Federal Almanya ve Overath, ilk turda eleştirilere maruz kalsa da ikinci turdan itibaren sahaya ağırlığını koydu ve Hollanda zaferi ile kupaya uzandı. Overath, daha önce üçüncülük ve ikincilik yaşadığı Dünya Kupası’nda zirveye çıkarak milli takım kariyerini noktaladı. 1977’de ise dönemin ABD’de futbol oynama modasına uymayıp profesyonelliğe adım attığı Köln formasıyla futbola veda etti.

Bunun arkasında, kulübe sadakatinin yanında ‘eş durumu’ da vardı. “Chicago Sting’den gelen teklif, Köln kariyerimde kazandığım paranın toplamından çok fazlaydı ama eşim, ‘Sen gidebilirsin, ben burada kalacağım’ dedi ve ben de Köln’de kaldım.” Şehrin sembollerinden olan 10 numara, 2004-2011 arasında takımın başkanlığını yaptı. Başkanlık döneminde takım sıkça eleştirilse de kişiliği her zaman örnek oldu. Evsizler için yaptığı çalışmalar ve Brezilya’da yoksulluk içerisinde yaşayan Slivana adındaki bir çocuğu evlat edinmesi, ülkesinin saygısını bir kez daha kazanmasını sağladı.

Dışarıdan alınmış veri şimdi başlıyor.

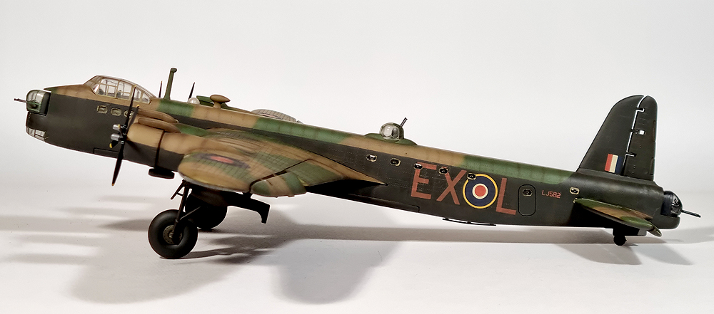 킷트는 1966년에 첫 발매되었고, 저는 1992년판을 구입하여 만들었습니다. 매달아 두었다가 한번 떨어져서 크게 파손되었는데 자세히 보시면 금이 가 있거나 어긋난 곳을 찾으실 수도 있습니다. 플라스틱도 오래되면 냉장고에 넣어 두었던 쵸콜렛 같이 딱딱해지는 것 같습니다. 프로펠러 4개와 후미 기총포탑은 다른 킷트를 만들고 남은 것으로 교체하였습니다.
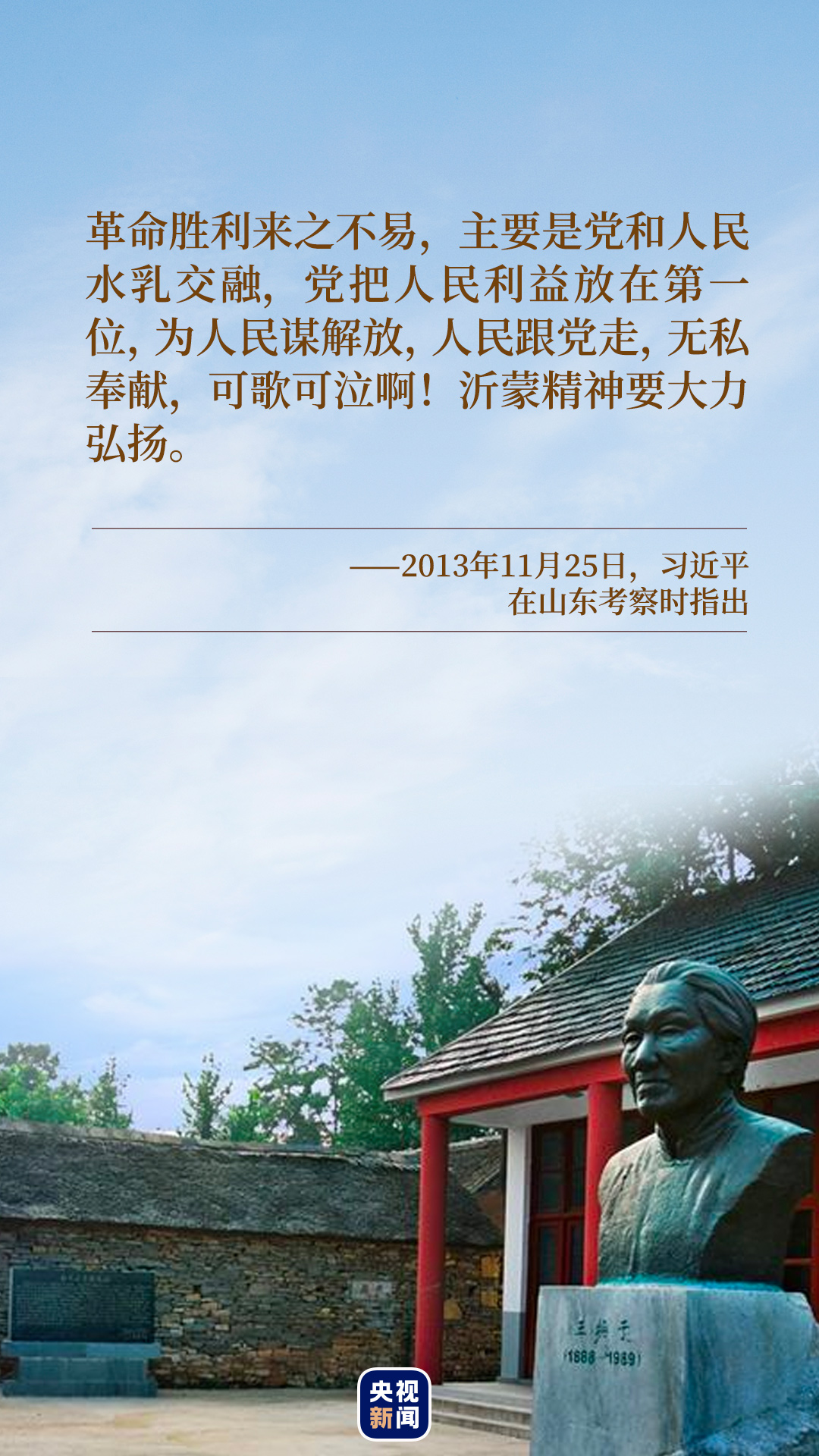 “在沂蒙這片紅色土地上,誕生了無(wú)數(shù)可歌可泣的英雄兒女,沂蒙六姐妹、沂蒙母親、沂蒙紅嫂的事跡十分感人。”習(xí)近平總書(shū)記深情地說(shuō)。2013年11月25日,習(xí)近平在視察山東沂蒙革命老區(qū)臨沂期間,專(zhuān)程前往華東革命烈士陵園,向革命烈士紀(jì)念塔敬獻(xiàn)花籃并參觀沂蒙精神展。

Dost mevkidaşlar Netzer ve Overath’ın yolları, yeşil saha mesailerinden sonra birçok kez daha kesişti. 1974’ten sonra makineleşmeye başladığı için tenkit edilen milli takımı beraber topa tuttular. Netzer, “Futbolcuları yarışçılara ya da robota çeviriyorlar” derken ‘mütevazı’ dostu Overath, zayıf ayak antrenmanları yapan Klaus Allofs için “Sıradan iki ayağım yerine eşsiz bir sol ayağım vardı” eleştirisinde bulunmuştu. Bugünlerde, adlarıyla eğlence âleminde de birlikteler. Münih’te açılan bir rock bara ‘Netzer&Overath’ ismi verildi ve virtüözlerin şöhreti günümüze taşındı. Fakat bütün bu koalisyona rağmen aynı anda sahada olmak konusunda Overath’ın tereddütleri devam ediyor: “Biz baskın karakterlerdik. İkinci olmak istemezdik. Aynı takımda eğlencesine oynadığımız maçlarda bile top paylaşım sorunu yaşıyoruz.”